WORK TASK: Find the line containing "<B>1849 G$1 Closed" in the listing below; reproduce it and every line after, exactly. Skip pictures.

DATA EXCERPT: Begin

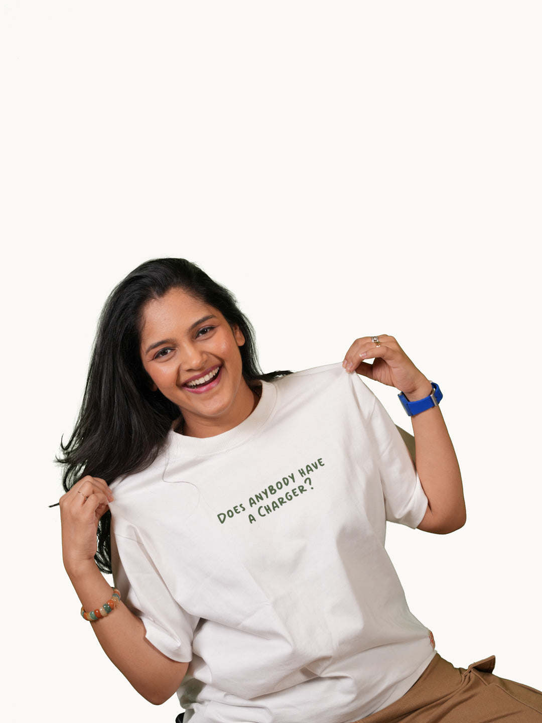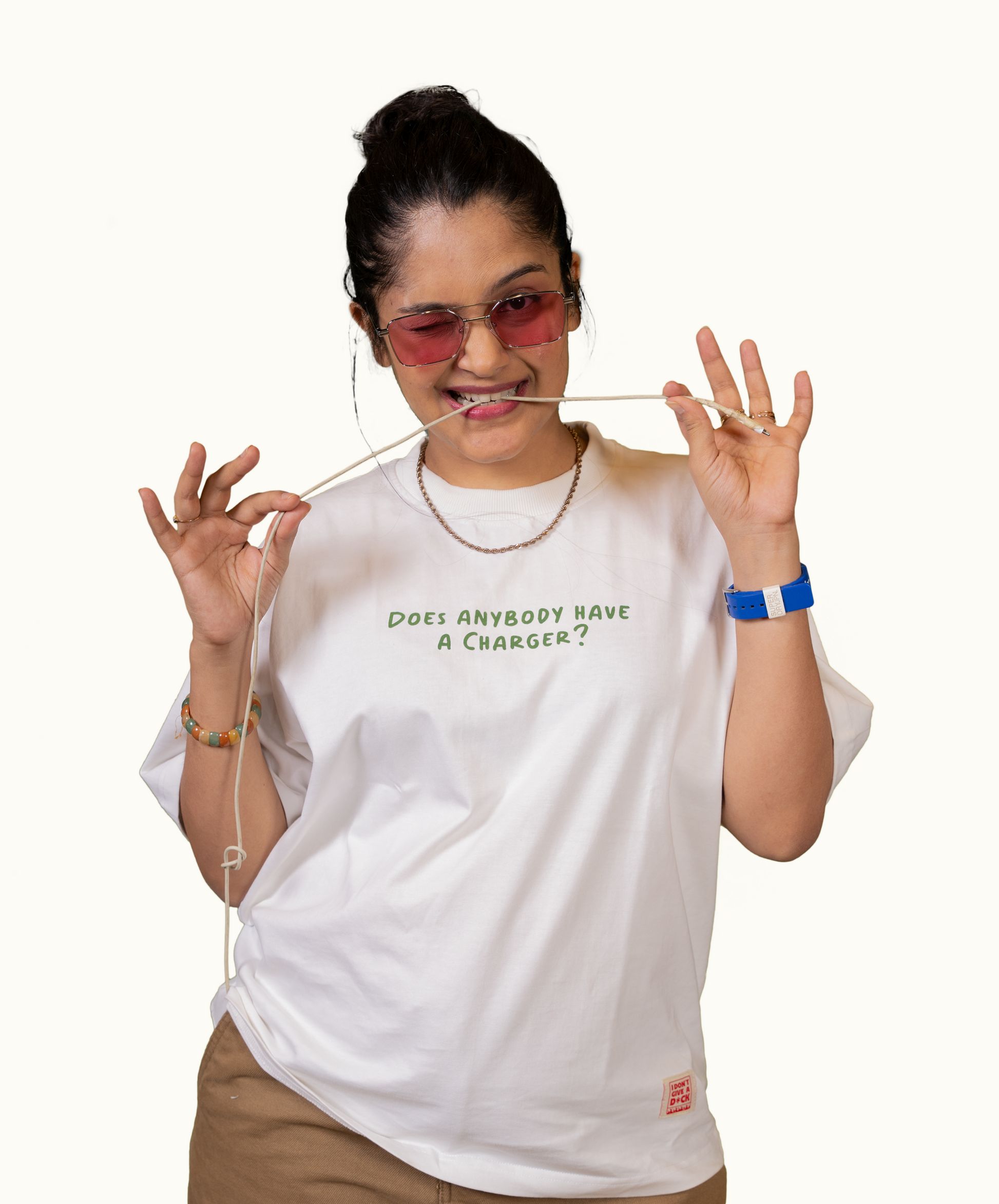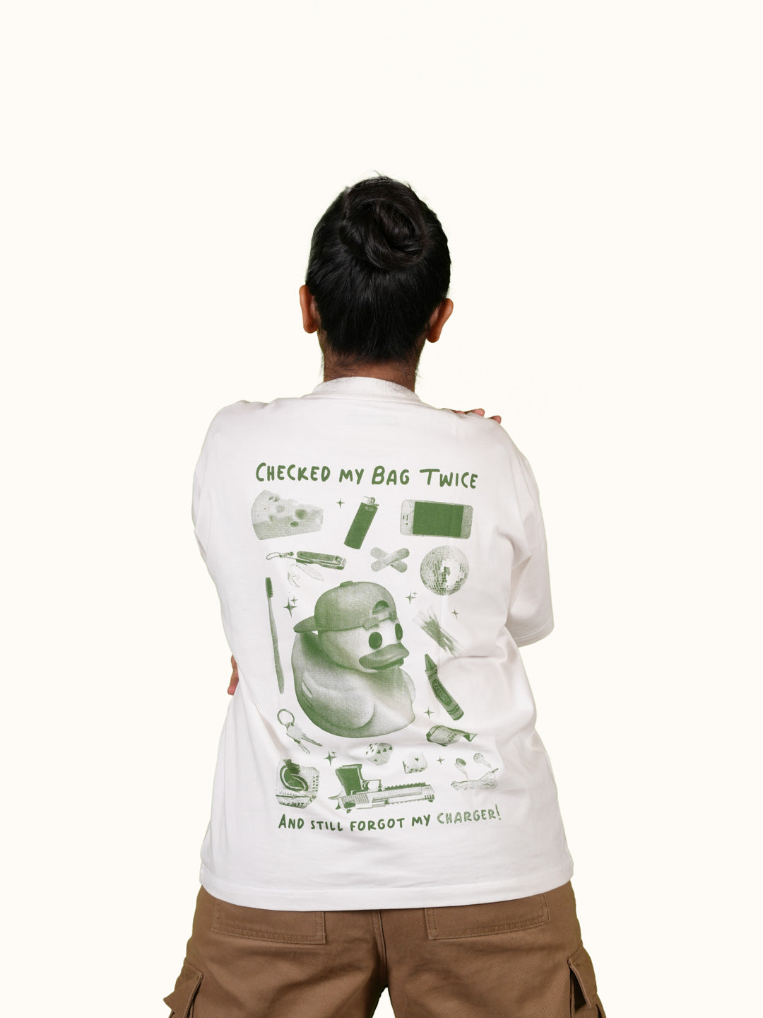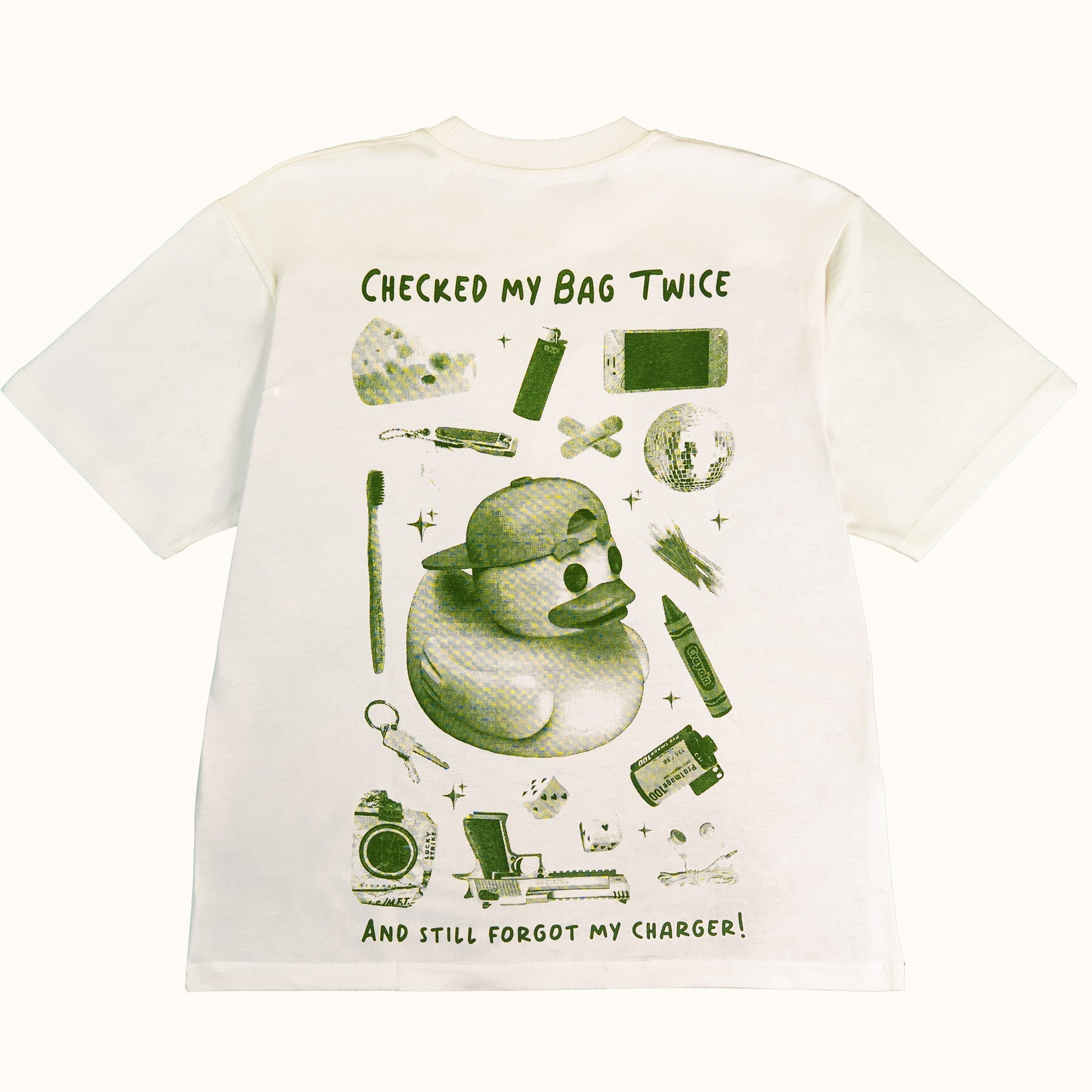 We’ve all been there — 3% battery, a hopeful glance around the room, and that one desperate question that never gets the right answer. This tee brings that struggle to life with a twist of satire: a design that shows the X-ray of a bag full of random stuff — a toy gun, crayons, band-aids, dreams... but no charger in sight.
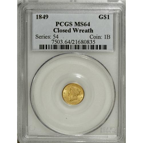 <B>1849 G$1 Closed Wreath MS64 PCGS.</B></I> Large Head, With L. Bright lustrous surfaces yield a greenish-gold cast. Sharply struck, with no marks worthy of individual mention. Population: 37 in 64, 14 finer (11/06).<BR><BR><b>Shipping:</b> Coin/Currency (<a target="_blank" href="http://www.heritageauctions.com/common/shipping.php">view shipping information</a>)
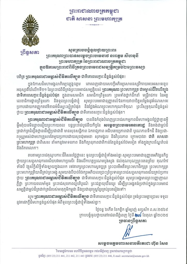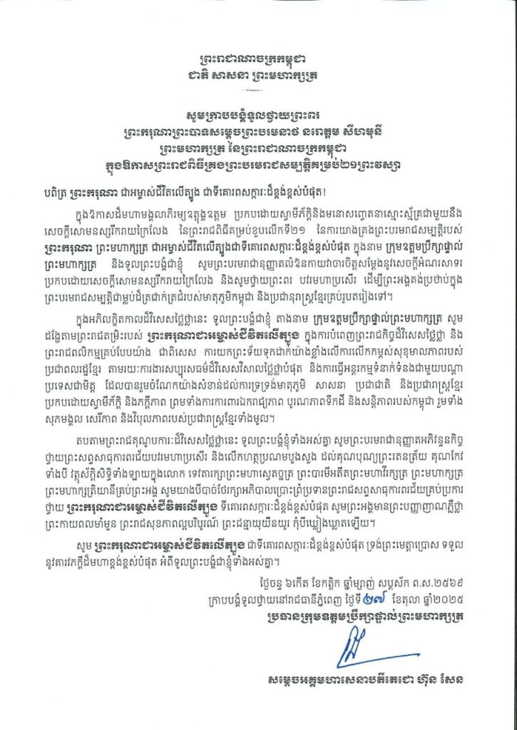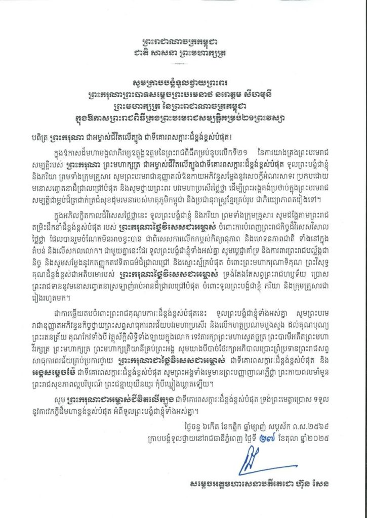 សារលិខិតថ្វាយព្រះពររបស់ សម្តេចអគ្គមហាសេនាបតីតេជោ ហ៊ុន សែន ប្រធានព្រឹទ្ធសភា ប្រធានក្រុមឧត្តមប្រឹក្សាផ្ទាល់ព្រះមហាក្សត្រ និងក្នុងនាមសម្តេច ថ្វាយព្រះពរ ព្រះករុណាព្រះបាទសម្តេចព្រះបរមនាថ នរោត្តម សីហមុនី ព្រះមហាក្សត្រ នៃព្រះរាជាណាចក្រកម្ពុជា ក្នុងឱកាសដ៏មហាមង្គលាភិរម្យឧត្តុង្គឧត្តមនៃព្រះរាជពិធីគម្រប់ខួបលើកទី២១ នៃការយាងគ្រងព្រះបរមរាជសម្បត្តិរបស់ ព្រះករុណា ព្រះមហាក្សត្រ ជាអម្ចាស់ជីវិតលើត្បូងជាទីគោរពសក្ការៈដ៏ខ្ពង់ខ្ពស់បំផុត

DATA EXCERPT: End

ANSWER SECTION:
 <B>1849 G$1 Closed Wreath MS64 PCGS.</B></I> Large Head, With L. Bright lustrous surfaces yield a greenish-gold cast. Sharply struck, with no marks worthy of individual mention. Population: 37 in 64, 14 finer (11/06).<BR><BR><b>Shipping:</b> Coin/Currency (<a target="_blank" href="http://www.heritageauctions.com/common/shipping.php">view shipping information</a>)
 សារលិខិតថ្វាយព្រះពររបស់ សម្តេចអគ្គមហាសេនាបតីតេជោ ហ៊ុន សែន ប្រធានព្រឹទ្ធសភា ប្រធានក្រុមឧត្តមប្រឹក្សាផ្ទាល់ព្រះមហាក្សត្រ និងក្នុងនាមសម្តេច ថ្វាយព្រះពរ ព្រះករុណាព្រះបាទសម្តេចព្រះបរមនាថ នរោត្តម សីហមុនី ព្រះមហាក្សត្រ នៃព្រះរាជាណាចក្រកម្ពុជា ក្នុងឱកាសដ៏មហាមង្គលាភិរម្យឧត្តុង្គឧត្តមនៃព្រះរាជពិធីគម្រប់ខួបលើកទី២១ នៃការយាងគ្រងព្រះបរមរាជសម្បត្តិរបស់ ព្រះករុណា ព្រះមហាក្សត្រ ជាអម្ចាស់ជីវិតលើត្បូងជាទីគោរពសក្ការៈដ៏ខ្ពង់ខ្ពស់បំផុត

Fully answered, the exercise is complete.